_Exercise objective_: Your task is to retype, exactly and without pictures, the line holding "Smuk skjortebluse fra" and each line that follows it to the end of the entries.

_Task inputs_:
..............................
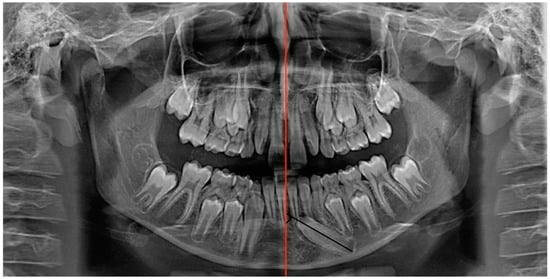 Pre-treatment panoramic radiograph. The angle subtended by the line passing through the mandibular midline (red) and the line passing through the long axis of the mandibular canine (black) were traced.
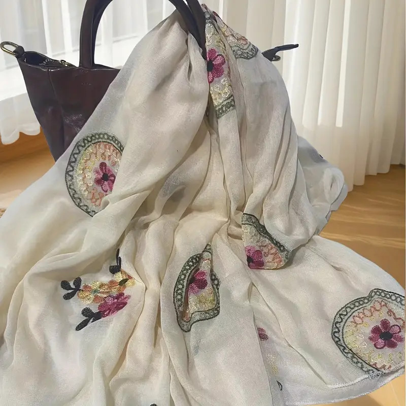 Törtfehér hímzett virágos muszlin kendő, sál - ÚJ
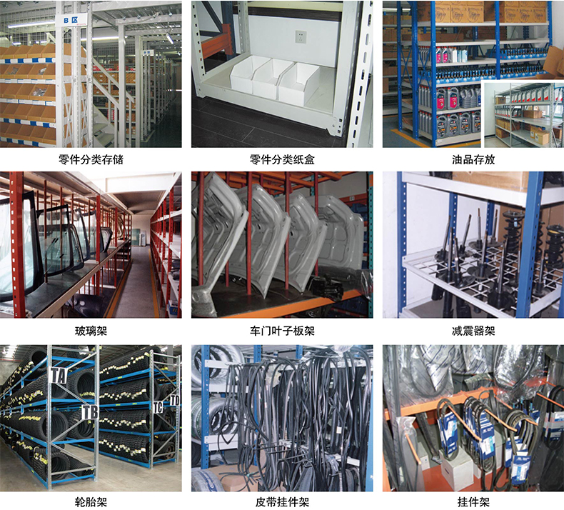 ![]() 全組合式結(jié)構(gòu),針對(duì)汽車(chē)行業(yè)備件特點(diǎn),分為:小件架、中件架、大件架、玻璃架、車(chē)門(mén)架、輪胎架、掛件架、減震器架、消音器架、油料架、保險(xiǎn)杠架等;單元貨架每層承重為200-400kg不等。 ![]() |
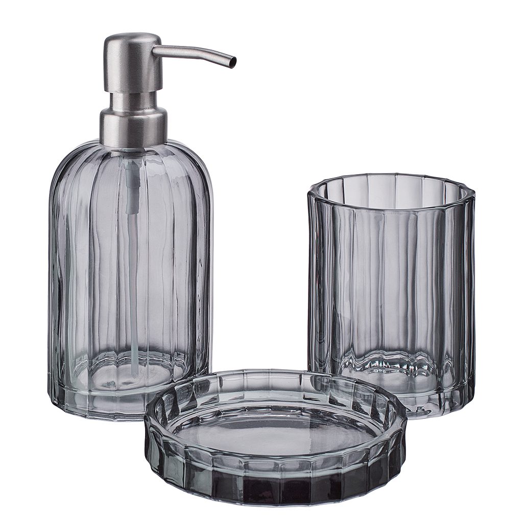Držiak na zubné kefky TOCIA je vyrobený z textúrovaného antracitovo sivého skla a kombinuje moderný vzhľad so štýlom 20. rokov minulého storočia - sofistikovaná kombinácia pre vašu vkusne navrhnutú kúpeľňu alebo kúpeľňu pre hostí. Ponúkame aj zodpovedajúci dávkovač tekutého mydla a misku na mydlo.
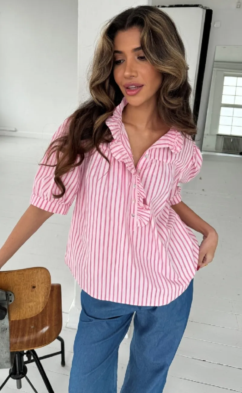 Smuk skjortebluse fra Continue i lyserøde nuancer.
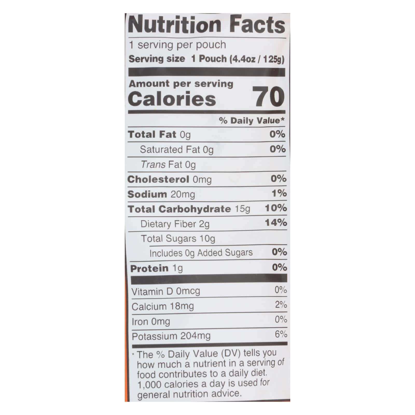 PUMPKIN TREE ORGANICS?PUMPKIN, CARROT & APPLE SNACK IS USDA ORGANIC CERTIFIED AND MADE FROM PURE FRUITS AND VEGETABLES. EVERY 4.4 OZ. POUCH OF PUMPKIN, CARROT & APPLE IS MADE WITHOUT ADDED SALT, SUGAR OR WATER. A 1-POUCH SERVING PROVIDES 3 G. OF FIBER, 50% OF THE DAILY RECOMMENDED VALUE OF VITAMIN C AND 80 PERCENT OF THE DAILY RECOMMENDED VALUE OF VITAMIN A.
..............................
_Written response_:
 Smuk skjortebluse fra Continue i lyserøde nuancer.
 PUMPKIN TREE ORGANICS?PUMPKIN, CARROT & APPLE SNACK IS USDA ORGANIC CERTIFIED AND MADE FROM PURE FRUITS AND VEGETABLES. EVERY 4.4 OZ. POUCH OF PUMPKIN, CARROT & APPLE IS MADE WITHOUT ADDED SALT, SUGAR OR WATER. A 1-POUCH SERVING PROVIDES 3 G. OF FIBER, 50% OF THE DAILY RECOMMENDED VALUE OF VITAMIN C AND 80 PERCENT OF THE DAILY RECOMMENDED VALUE OF VITAMIN A.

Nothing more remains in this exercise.